## DATASET EXTRACT:
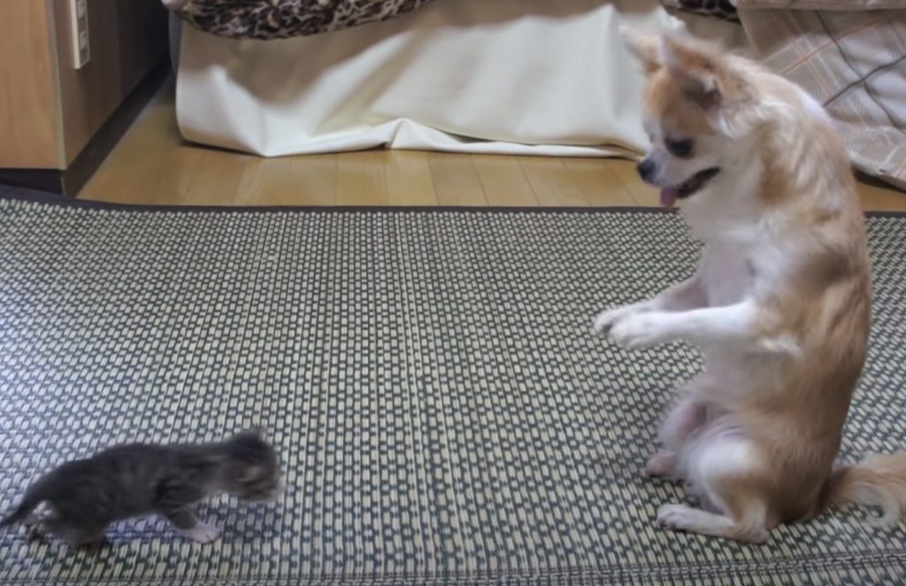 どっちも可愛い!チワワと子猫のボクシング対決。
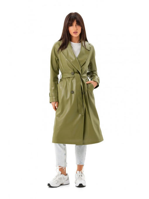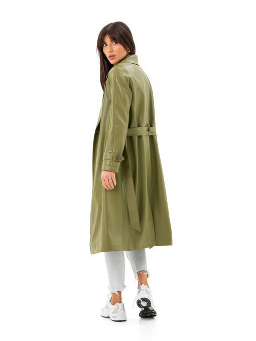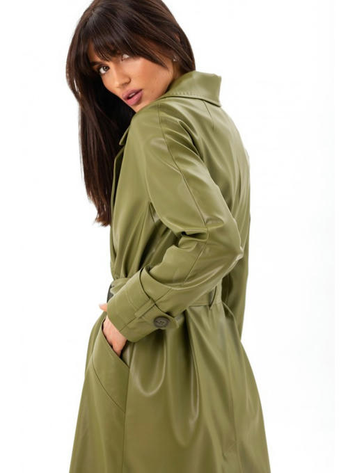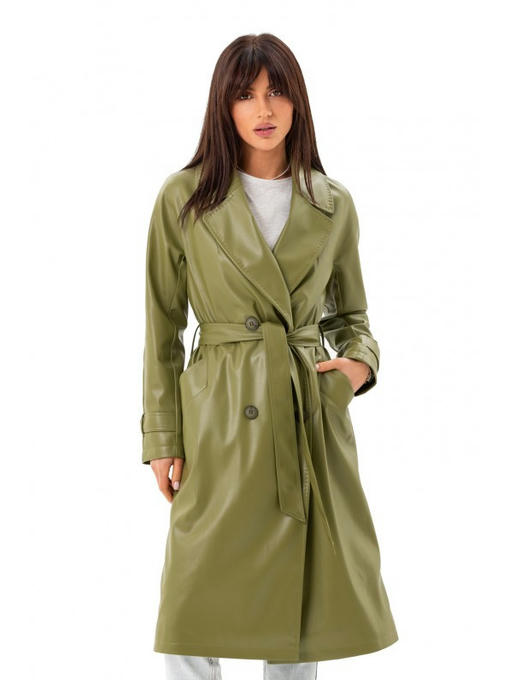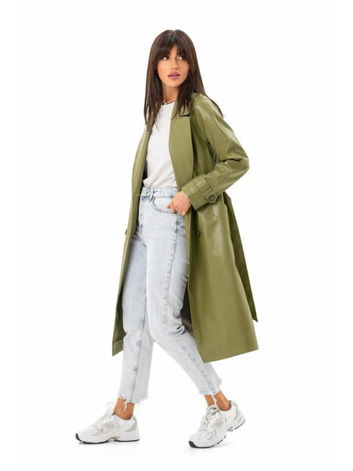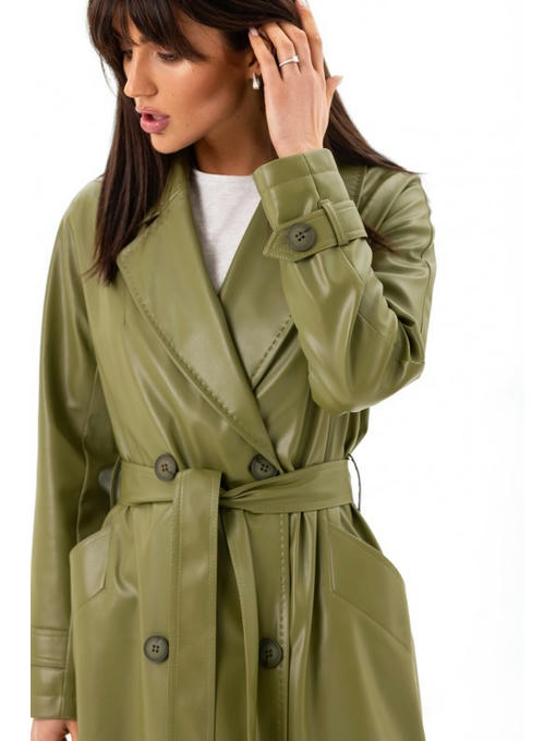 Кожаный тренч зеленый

---

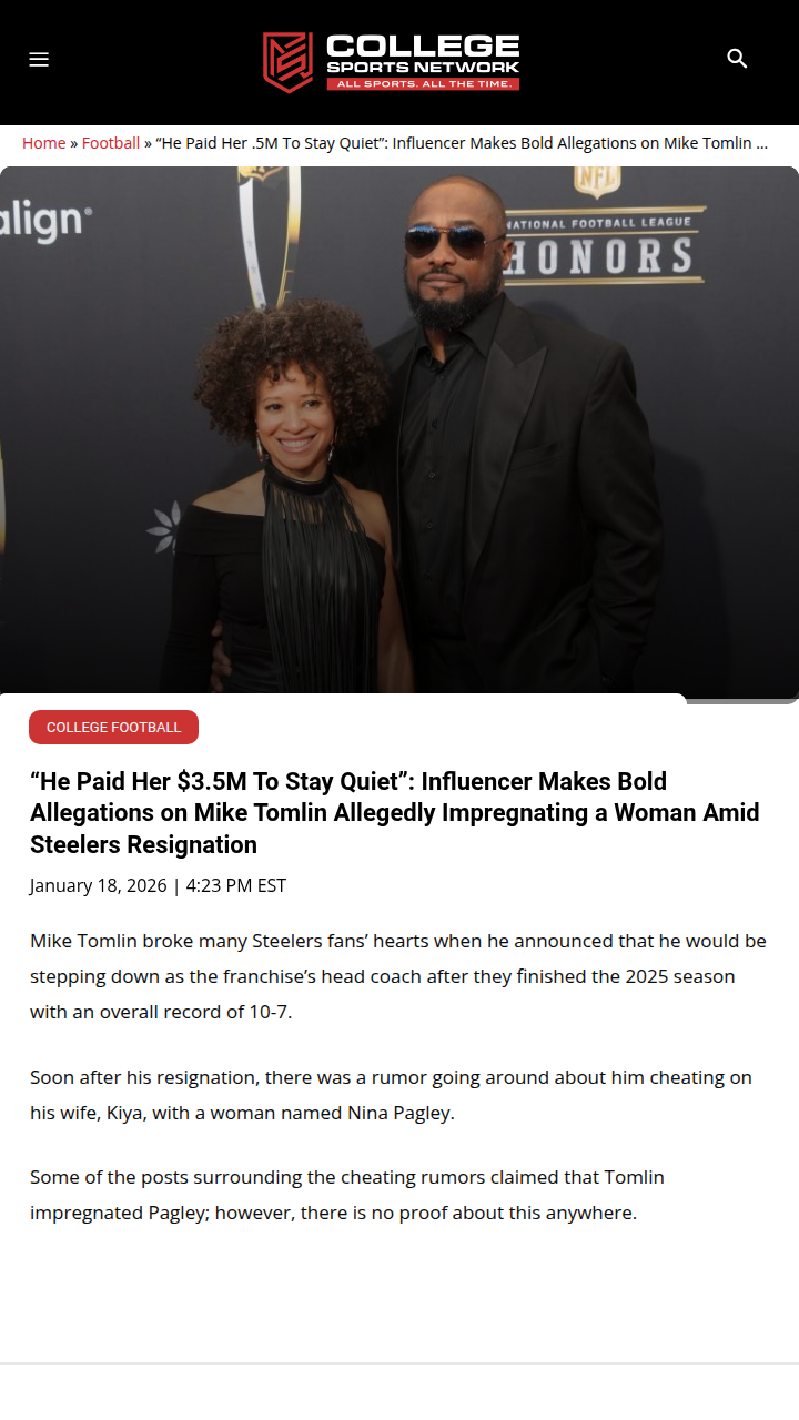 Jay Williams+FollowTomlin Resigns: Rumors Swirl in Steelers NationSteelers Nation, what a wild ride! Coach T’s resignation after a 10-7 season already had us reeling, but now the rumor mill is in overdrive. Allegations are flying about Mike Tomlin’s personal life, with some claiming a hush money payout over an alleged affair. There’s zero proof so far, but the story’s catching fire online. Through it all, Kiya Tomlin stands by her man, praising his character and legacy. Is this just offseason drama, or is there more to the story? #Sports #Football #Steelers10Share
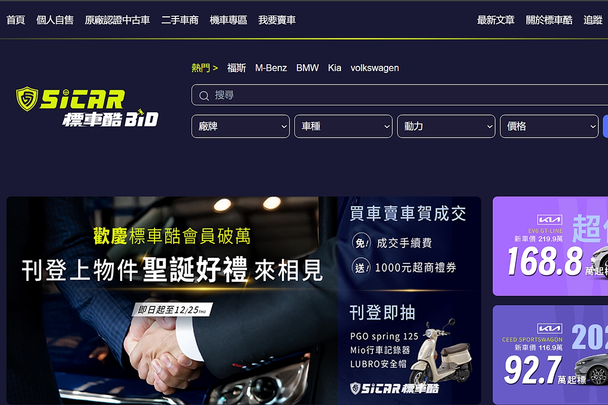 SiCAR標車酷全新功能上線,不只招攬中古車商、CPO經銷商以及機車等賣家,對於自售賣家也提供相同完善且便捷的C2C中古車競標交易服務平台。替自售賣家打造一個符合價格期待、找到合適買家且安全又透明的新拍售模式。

## ASSIGNED TASK:
Would you output only the span of the records above that opens with the line containing "どっちも可愛い!チワワと子猫のボクシング対決。" and closes with the line containing "Кожаный тренч зеленый", ends included and pictures dropped?

## YOUR SOLUTION:
 どっちも可愛い!チワワと子猫のボクシング対決。
 Кожаный тренч зеленый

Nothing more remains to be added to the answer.